Absolutely surrounded by these little kids coming up and hugging us. There's a little girl with a beautiful sequined cat and her blue T-shirt.


ARRAF: There are 41 children here, born to Yazidi mothers. They're as young as 3 months old and as old as 4. We go into a separate house for the smallest children.

UNIDENTIFIED PERSON: (Foreign language spoken).

ARRAF: We've just walked into a room where there are babies sleeping. There's a pink and purple bed and three little children, a girl and two boys, who look like they're probably under the age of 2. They're all sound asleep under this fluffy tiger print blanket.

Next to those children is a baby, just 3 months old, with an IV tube in his hand. He's just been brought back from the hospital. One of the caregivers gives him a bottle. A little girl with enormous blue eyes, wearing a floaty white party dress with sequins and pink roses, silently watches. Her name is Berivan (ph). She came almost a year ago when she was just 6 months old. In her ears, there are real gold earrings she was wearing when she was brought here. Before she was given up, she was treasured.

ARIA OSMAN: (Foreign language spoken).

ARRAF: A local official, Aria Osman, says those who came in the last few months from Baghouz - the last piece of ISIS territory to fall in Syria - were in much worse shape.

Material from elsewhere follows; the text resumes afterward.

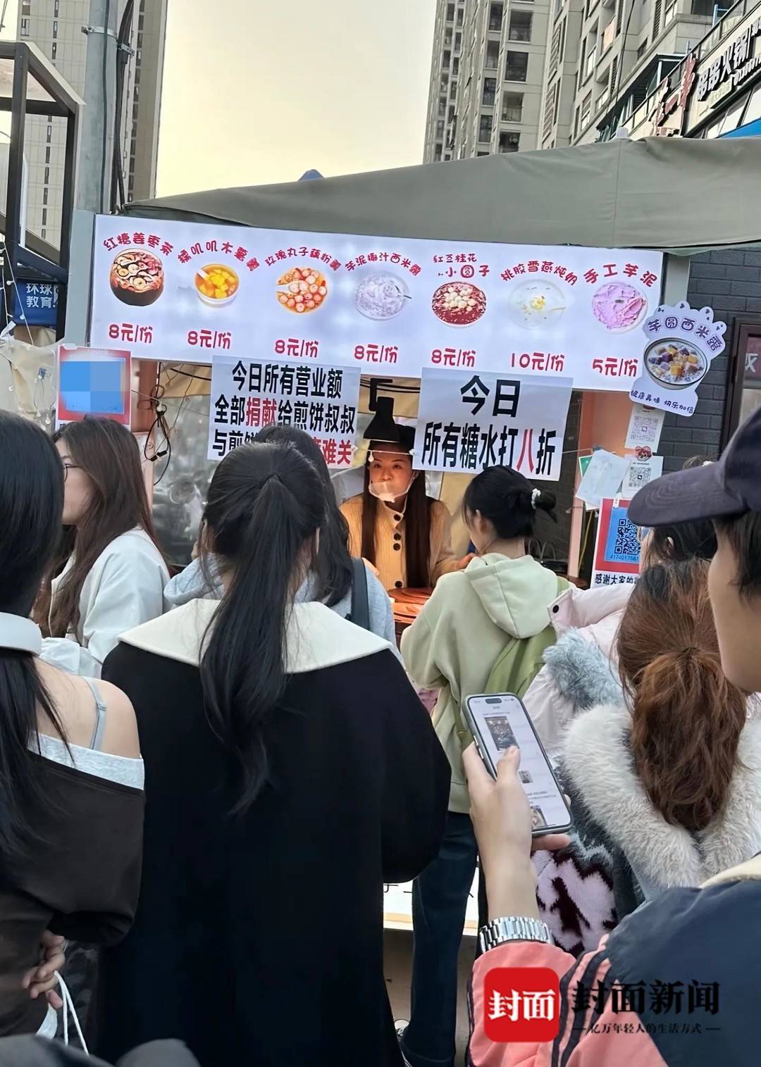 全天的所有收入,都将全部捐给小吃街一位被确诊肾癌晚期的煎饼摊主。这场由商户发起、学生响应的救助行动,在寒冷的冬日里,悄然温暖整条街巷。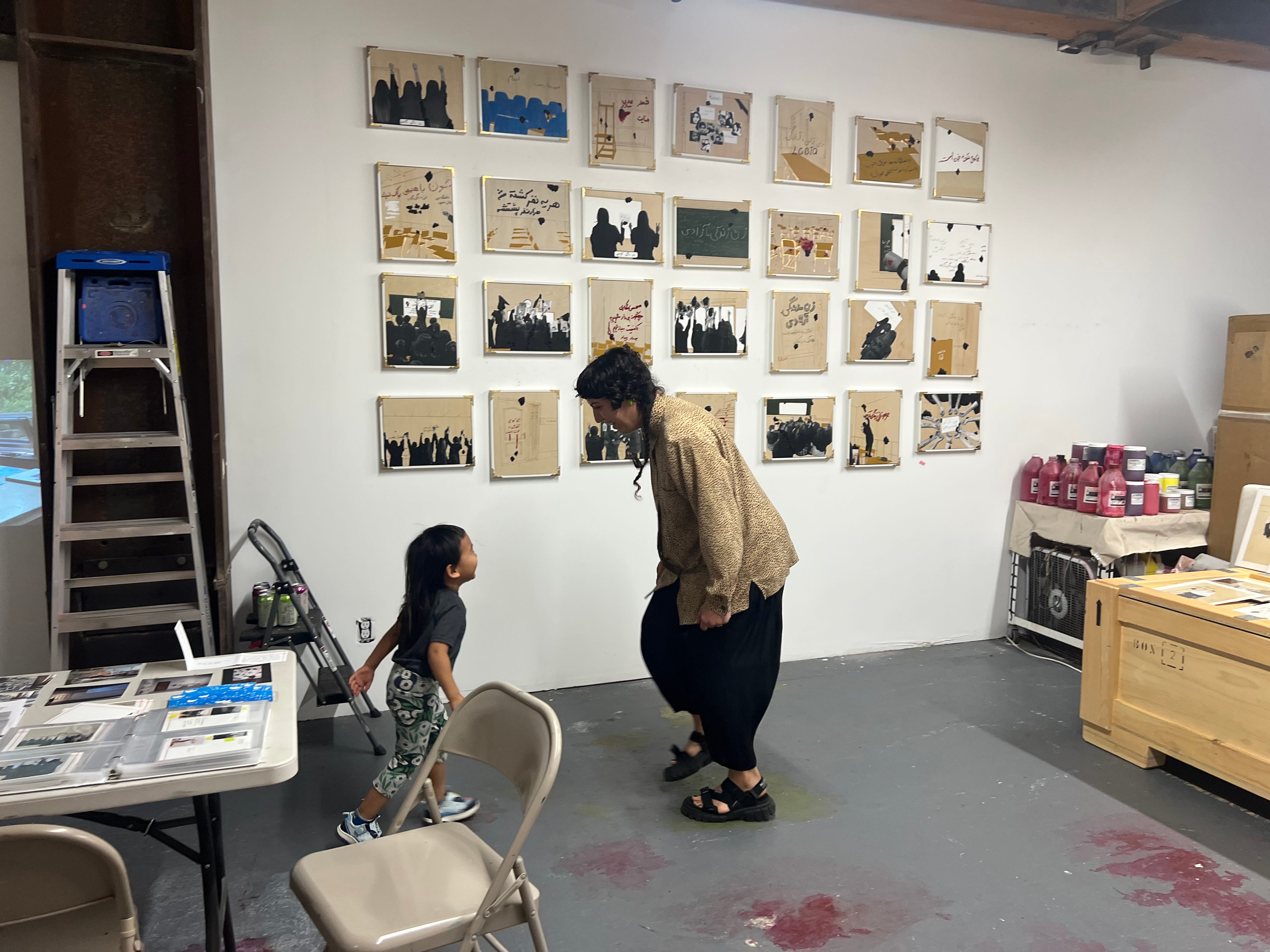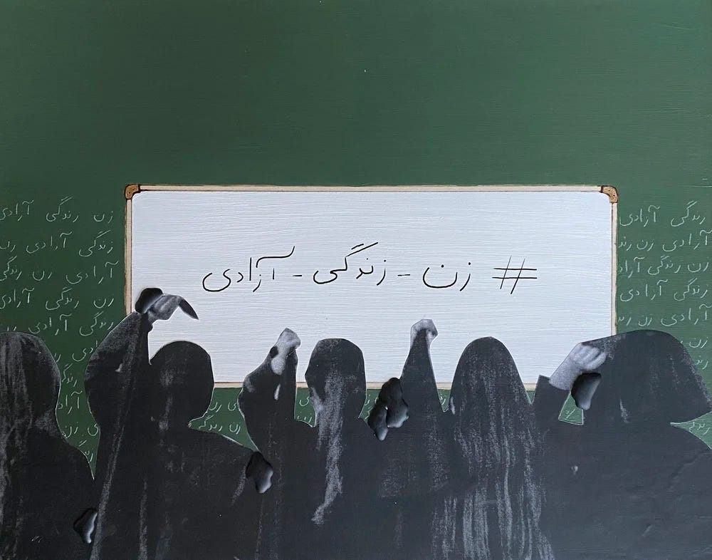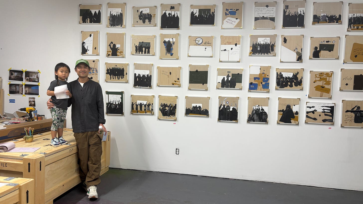 The normal winter heatwave finally returned on the last week of February, as my final few days as a Smithsonian curator counted down. To mark the occasion, I brought you along for a studio visit with Mojdeh Rezaeipour, an artist who I befriended at a Zoom event during the pandemic (a period before you were born, when we also had a good excuse to not leave the house). Mojdeh is a master of splicing the wonderment of childhood with the weight of social upheaval, showing how the two are interconnected. Her current body of work, Classroom Solidarities, features mixed-media recreations of scenes from school protests in Iran, beginning with the Jin Jiyan Azadi uprising of 2022.

OSMAN: (Through interpreter) When they were arriving, they were very weak and starving. They were just skin and bones. We gave them milk and good food, and now they are better.

ARRAF: A caregiver, Fajriya Khaled, opens up a freezer and shows me frozen chicken. There are eggs and fresh fruit in the fridge and a pail of homemade yogurt from a nearby village.


ARRAF: People children call the caregivers Mama. But a few of the older ones remember their own mothers. They believe they've just gone away for medical treatment.

NAZI ALLAWI: (Through interpreter) If they are under the age of 4, they forget - even the face, they forget. They are still little children. When they see new things, they forget old things.

ARRAF: That's Nazi Allawi, a psychologist who works with the children.


ARRAF: Yazidis don't recognize a child unless both parents were Yazidi. So when the women have been freed from captivity, they faced a heart-wrenching choice. If they want to go home, they have to give up their children from ISIS fathers. Osman is there when some of them do.

OSMAN: (Through interpreter) Some of the mothers just leave them here and go. But there are others who are very attached to their children.

ARRAF: She says she's in touch with about 10 of the mothers in Iraq. They ask her secretly to send them photos of their children, and she does.

OSMAN: (Through interpreter) Step by step, the families force them to forget their children and make them lose hope. But whatever they do, she is still the mother, and the baby is still from her flesh and blood.

ARRAF: A lot of Yazidi women in Iraq, forbidden by their families from even talking about their children with ISIS fathers, say they don't know if their children are alive or dead.

UNIDENTIFIED CHILDREN: (Singing in foreign language).

ARRAF: In the orphanage, we see a 2-year-old boy we met in March, just before he was taken from his mother in another town. The mother and the boy's older sister were inconsolable. The mother was told he was being adopted by a family. But the children are in limbo. Osman says they will stay here in the orphanage in Syria until the Yazidi religious leaders in Iraq change their minds.

Jane Arraf, NPR News, northeastern Syria.